::: Stored data
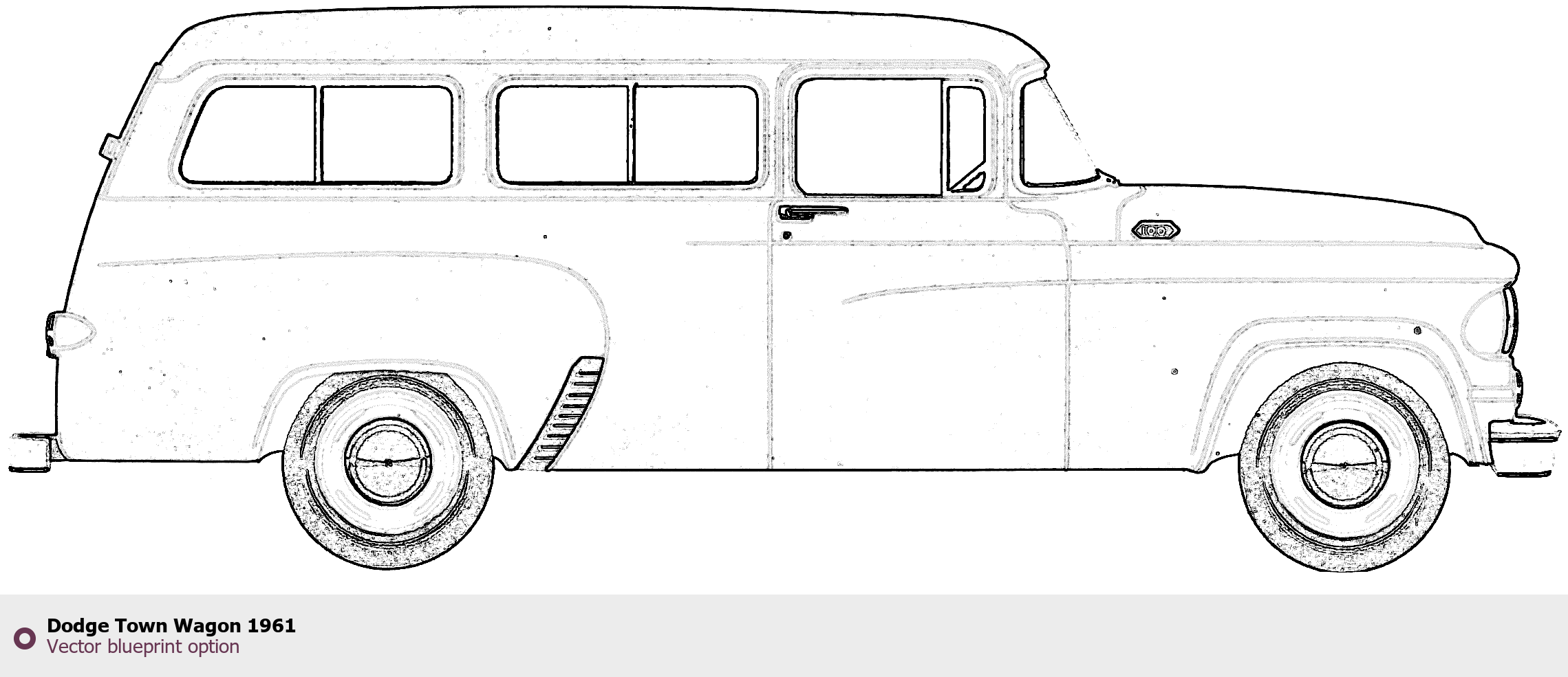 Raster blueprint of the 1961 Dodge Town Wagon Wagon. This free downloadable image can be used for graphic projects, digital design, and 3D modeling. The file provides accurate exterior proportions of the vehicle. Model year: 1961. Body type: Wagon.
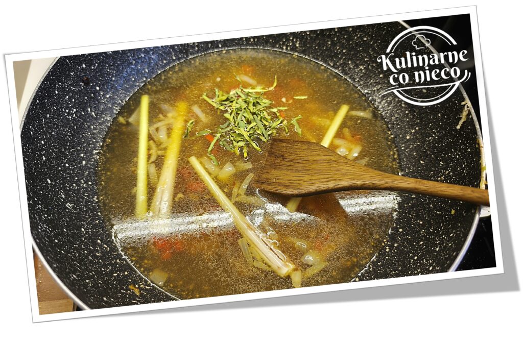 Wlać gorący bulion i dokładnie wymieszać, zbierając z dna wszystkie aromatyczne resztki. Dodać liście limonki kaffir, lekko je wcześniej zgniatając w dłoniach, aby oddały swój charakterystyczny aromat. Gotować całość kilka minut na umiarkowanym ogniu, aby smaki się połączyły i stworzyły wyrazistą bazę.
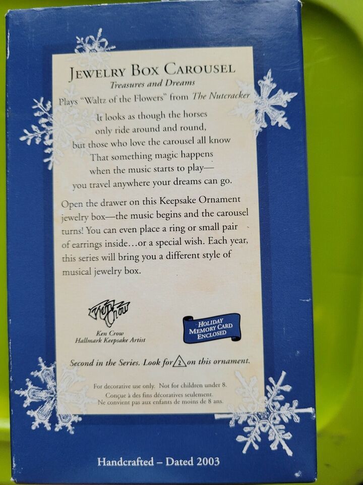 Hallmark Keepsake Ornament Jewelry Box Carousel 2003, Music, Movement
::::::
About this exercise —
The material above must be reproduced line for line, with the images omitted.

Output of the task —
 Raster blueprint of the 1961 Dodge Town Wagon Wagon. This free downloadable image can be used for graphic projects, digital design, and 3D modeling. The file provides accurate exterior proportions of the vehicle. Model year: 1961. Body type: Wagon.
 Wlać gorący bulion i dokładnie wymieszać, zbierając z dna wszystkie aromatyczne resztki. Dodać liście limonki kaffir, lekko je wcześniej zgniatając w dłoniach, aby oddały swój charakterystyczny aromat. Gotować całość kilka minut na umiarkowanym ogniu, aby smaki się połączyły i stworzyły wyrazistą bazę.
 Hallmark Keepsake Ornament Jewelry Box Carousel 2003, Music, Movement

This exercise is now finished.